Activity:
In the entries below, find the line with "可能每次雷人雷语都只是为了更" and the line with "рецепторы эфферентной иннервации"; copy them and every line between them exactly, but not the pictures.

*** Opening of Data listing ***

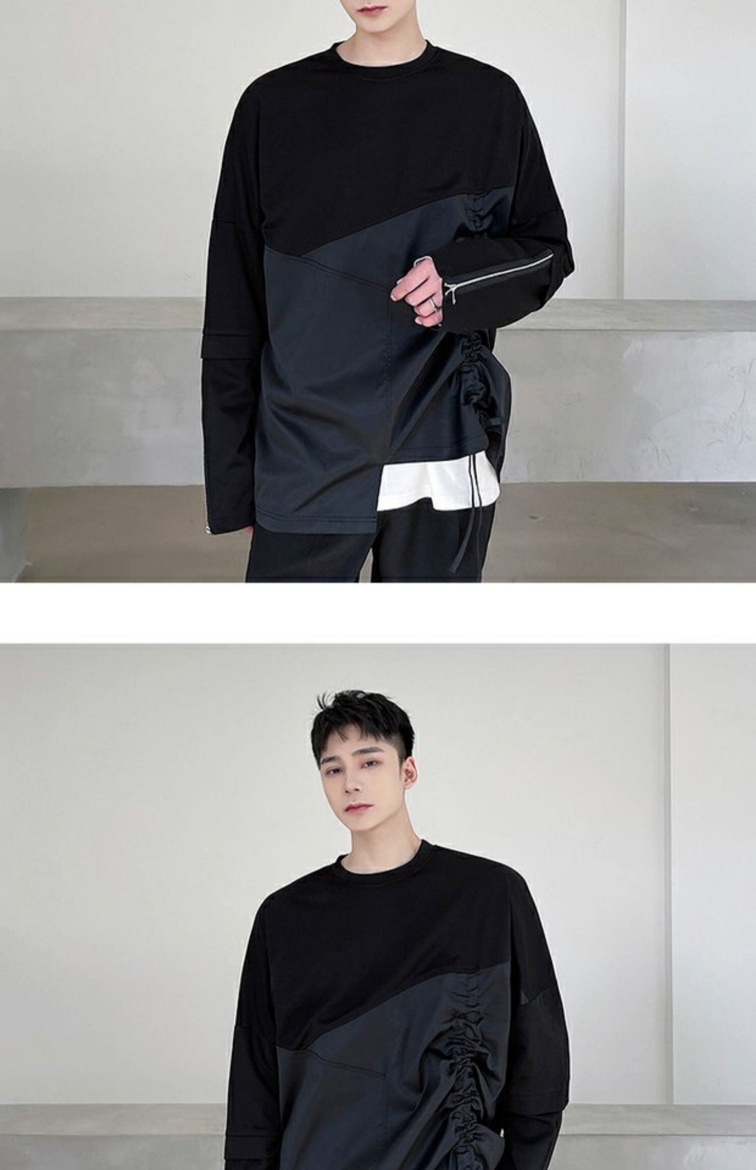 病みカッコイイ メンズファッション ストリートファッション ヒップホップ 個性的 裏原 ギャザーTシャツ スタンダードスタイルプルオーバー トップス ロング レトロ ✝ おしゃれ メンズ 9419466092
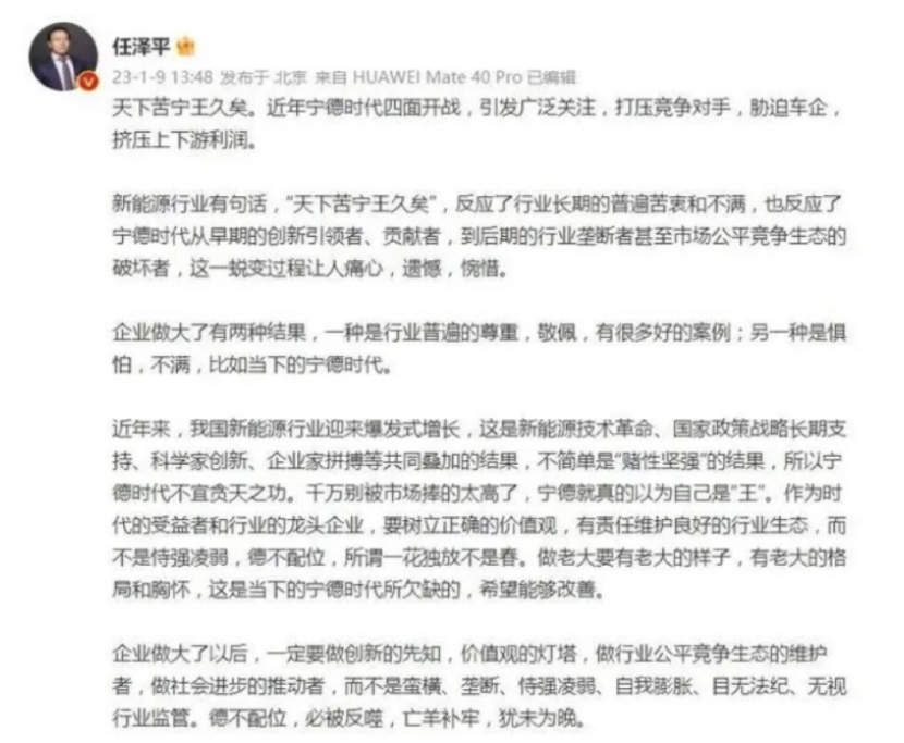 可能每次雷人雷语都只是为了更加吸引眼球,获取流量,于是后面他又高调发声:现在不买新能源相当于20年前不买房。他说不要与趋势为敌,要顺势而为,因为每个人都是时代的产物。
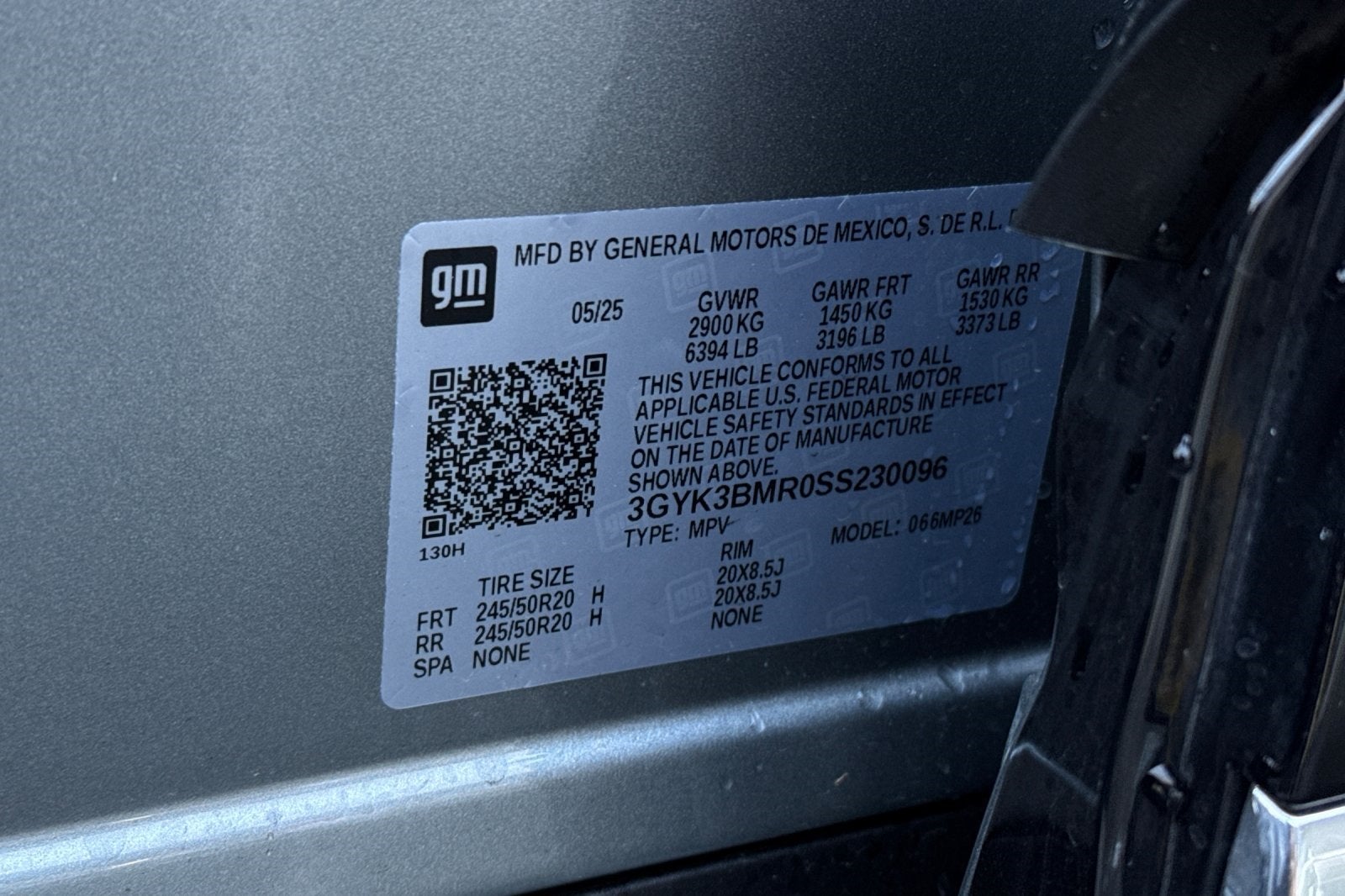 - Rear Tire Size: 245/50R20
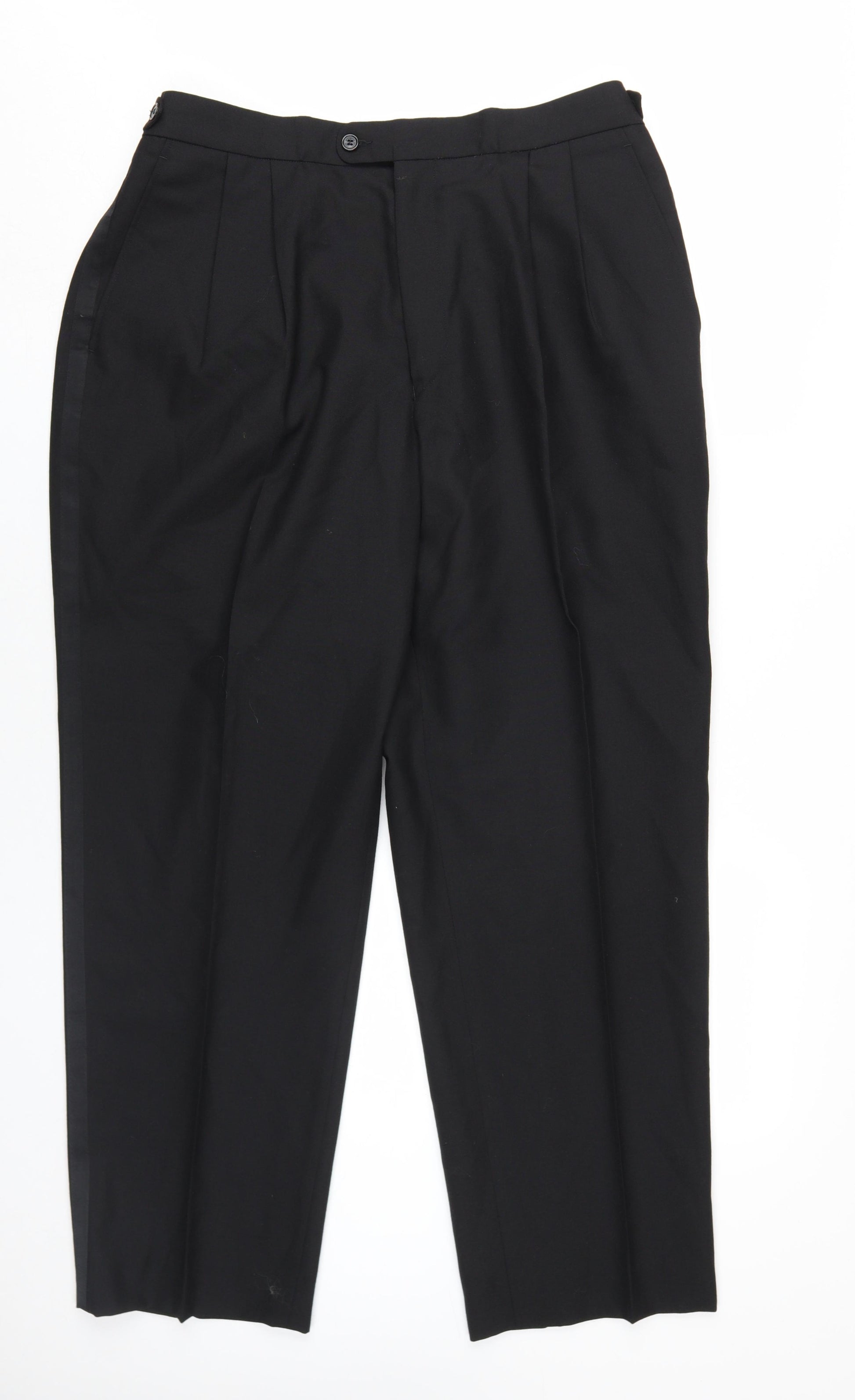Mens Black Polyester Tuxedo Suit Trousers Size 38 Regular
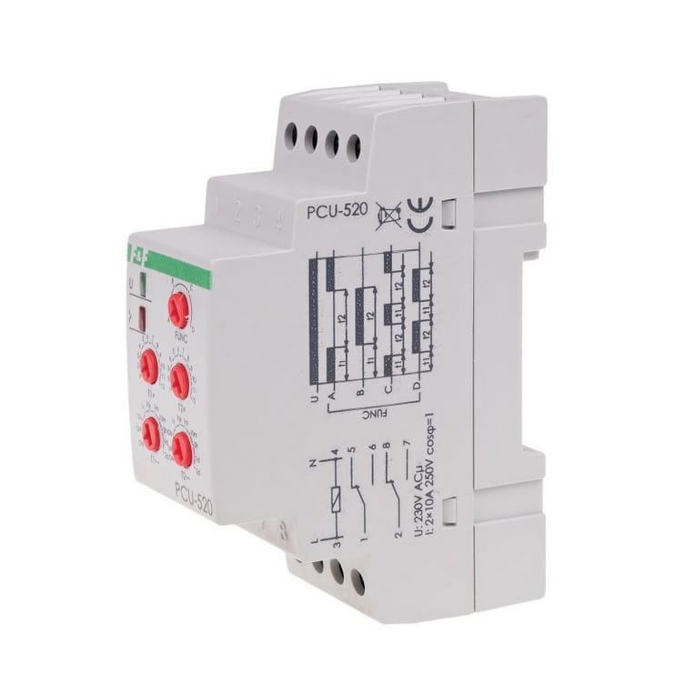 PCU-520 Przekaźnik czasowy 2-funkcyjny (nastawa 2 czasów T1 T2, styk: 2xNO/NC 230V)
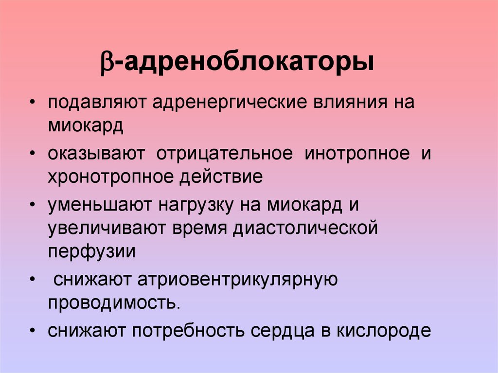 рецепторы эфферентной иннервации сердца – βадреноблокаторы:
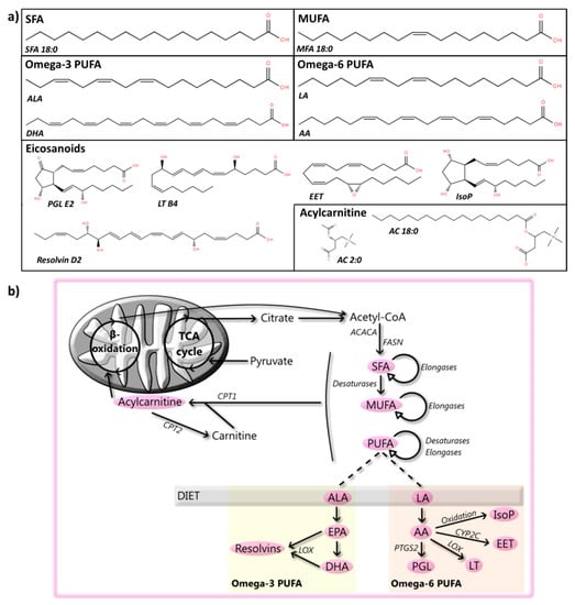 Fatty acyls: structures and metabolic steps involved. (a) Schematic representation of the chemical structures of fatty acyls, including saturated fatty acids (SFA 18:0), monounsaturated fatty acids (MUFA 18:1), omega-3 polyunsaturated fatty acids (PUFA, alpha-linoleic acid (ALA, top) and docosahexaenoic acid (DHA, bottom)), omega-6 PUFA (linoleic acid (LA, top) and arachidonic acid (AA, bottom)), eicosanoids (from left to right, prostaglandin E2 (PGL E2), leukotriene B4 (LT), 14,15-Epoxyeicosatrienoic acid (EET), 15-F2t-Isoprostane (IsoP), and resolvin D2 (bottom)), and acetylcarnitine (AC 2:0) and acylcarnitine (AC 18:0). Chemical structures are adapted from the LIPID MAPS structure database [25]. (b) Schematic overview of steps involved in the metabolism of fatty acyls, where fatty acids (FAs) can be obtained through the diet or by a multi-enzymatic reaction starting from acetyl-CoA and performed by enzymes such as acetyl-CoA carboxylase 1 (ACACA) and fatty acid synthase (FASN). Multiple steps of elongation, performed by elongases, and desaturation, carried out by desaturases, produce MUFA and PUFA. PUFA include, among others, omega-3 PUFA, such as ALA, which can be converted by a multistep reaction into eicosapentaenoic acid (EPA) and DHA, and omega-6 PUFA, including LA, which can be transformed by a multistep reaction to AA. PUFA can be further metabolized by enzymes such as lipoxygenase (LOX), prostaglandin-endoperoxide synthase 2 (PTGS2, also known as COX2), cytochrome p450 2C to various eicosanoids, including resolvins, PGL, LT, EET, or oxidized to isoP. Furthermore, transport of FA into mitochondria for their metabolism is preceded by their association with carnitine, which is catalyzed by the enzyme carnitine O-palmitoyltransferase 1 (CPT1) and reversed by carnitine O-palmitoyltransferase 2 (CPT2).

*** Close of Data listing ***

Response to the task:
 可能每次雷人雷语都只是为了更加吸引眼球,获取流量,于是后面他又高调发声:现在不买新能源相当于20年前不买房。他说不要与趋势为敌,要顺势而为,因为每个人都是时代的产物。
 - Rear Tire Size: 245/50R20
Mens Black Polyester Tuxedo Suit Trousers Size 38 Regular
 PCU-520 Przekaźnik czasowy 2-funkcyjny (nastawa 2 czasów T1 T2, styk: 2xNO/NC 230V)
 рецепторы эфферентной иннервации сердца – βадреноблокаторы:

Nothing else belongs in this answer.